Il existe à Paris une diversité de petits mammifères que l’on ne soupçonnait pas ?
Effectivement, nous avons commencé à mettre des pièges dans plusieurs parcs parisiens il y a quatre ans, car nous avions très peu de données sur cette biodiversité en milieu urbain, notamment dans la capitale. Avec le doctorant Pierre Sachot, nous avons découvert que de nombreuses populations de ces petits mammifères (hérissons, mulots, etc.) vivaient dans les espaces verts. Les espèces telles que les mulots, les musaraignes et même parfois les campagnols privilégient les espaces que les jardiniers laissent en friche.
On parle souvent des rats en ville, mais existe-t-il quantité d’autres rongeurs ?
Oui, le mulot sylvestre (Apodemus sylvaticus) était connu en banlieue, dans les parcs et les jardins, mais nous avons eu la surprise de le trouver en plein cœur de Paris. Moins abondant dans le centre de la capitale, le campagnol agreste (Microtus agrestis) n’a été observé que dans des talus laissés en friche – son habitat de prédilection. On trouve aussi des souris domestiques, parfaitement adaptées au métro notamment, et bien sûr des rats.
Quel est l’intérêt de dresser cet inventaire de la vie animale en ville ?

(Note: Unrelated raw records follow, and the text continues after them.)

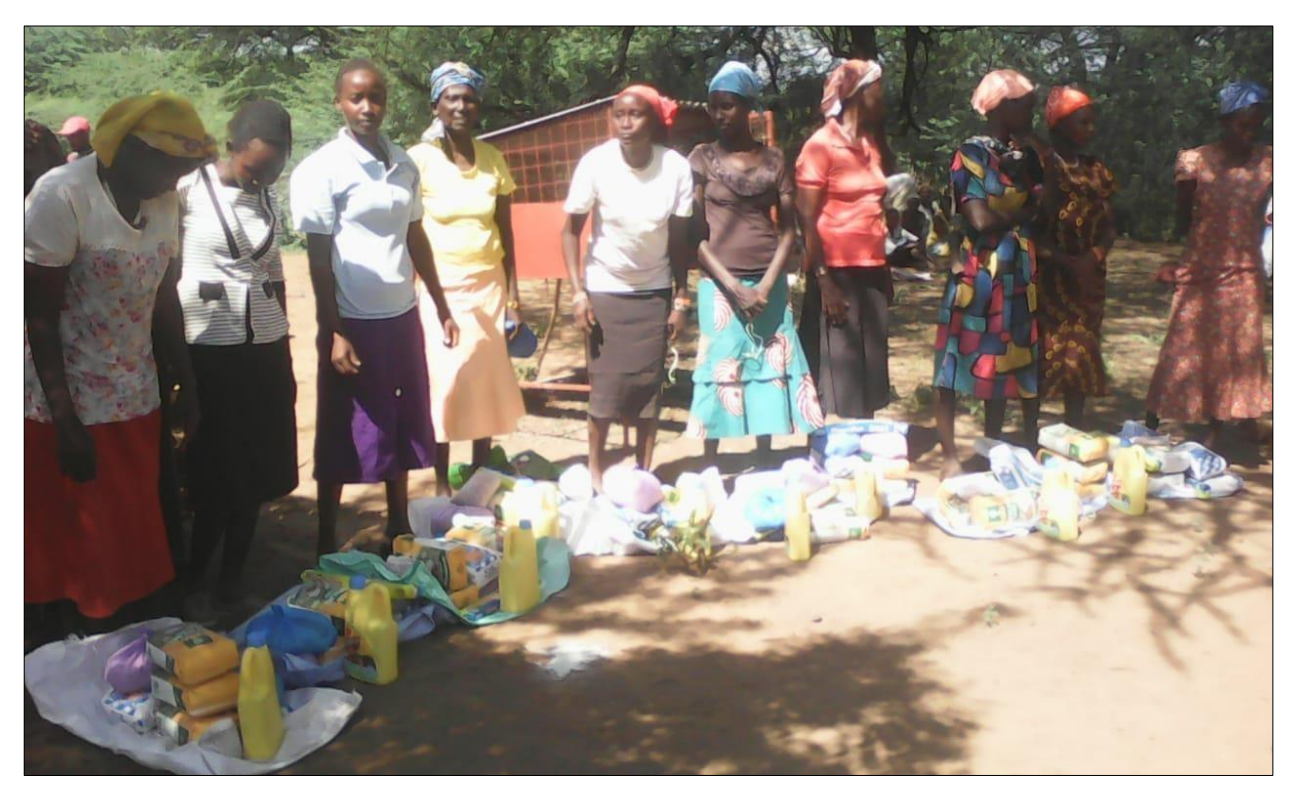
9. Vulnerable displaced households displaying food stuff received from the project
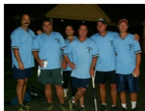
Zwanger Pesiri Team
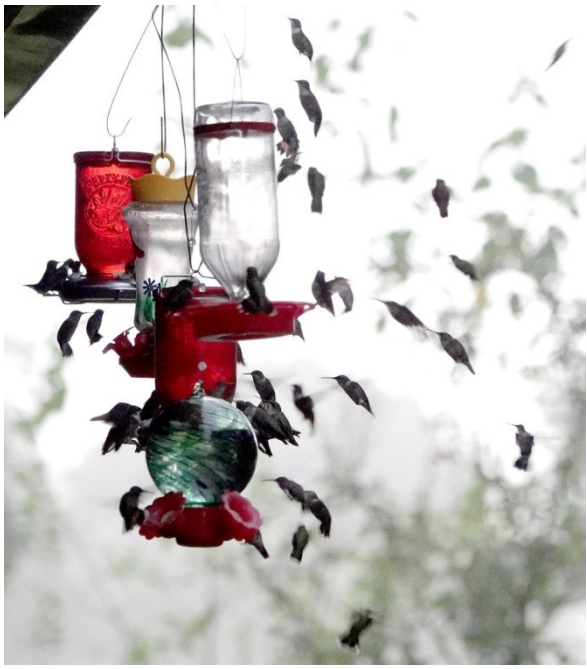
Ruby-throated Hummingbirds 27 Sep 2019

Ruby-throated Hummingbird – Ruby-throated Hummingbirds were in abundance 27 Sep in Kurten, Brazos when 41 were photographed in a single frame and at least 9 more were in nearby trees and bushes.

Cet état des lieux est une première étape, qui nous conduira à d’autres recherches. Une fois que l’on aura compris quelles densités de population vivent à quels endroits, nous pourrons, par exemple, faire de l’écologie comportementale, voir si le fait d’évoluer en milieu urbain entraîne des modifications comportementales et morphologiques des espèces. Longtemps (et Darwin en a été l’initiateur), nous avons utilisé les îles comme terrain d’étude de l’évolution et des processus de sélection. Nous avons pu observer que certaines plantes perdaient leurs piquants, car elles avaient moins la nécessité de se protéger contre la pression d’abroutissement (prélèvement des bourgeons par des animaux) que sur les continents. De la même manière, certains oiseaux restaient au sol, car faute de prédateurs, ils n’avaient plus besoin de prendre leur envol. Observera-t-on des changements sur ces animaux en ville : des modifications de leur croissance, de leur squelette, de leur physiologie ? Ces études permettront d’interroger les effets de la pollution lumineuse, sonore, et chimique sur ces êtres vivants. Par exemple, étudier l’impact potentiel sur leur système nerveux, nous permettrait de déduire des informations importantes pour les êtres humains.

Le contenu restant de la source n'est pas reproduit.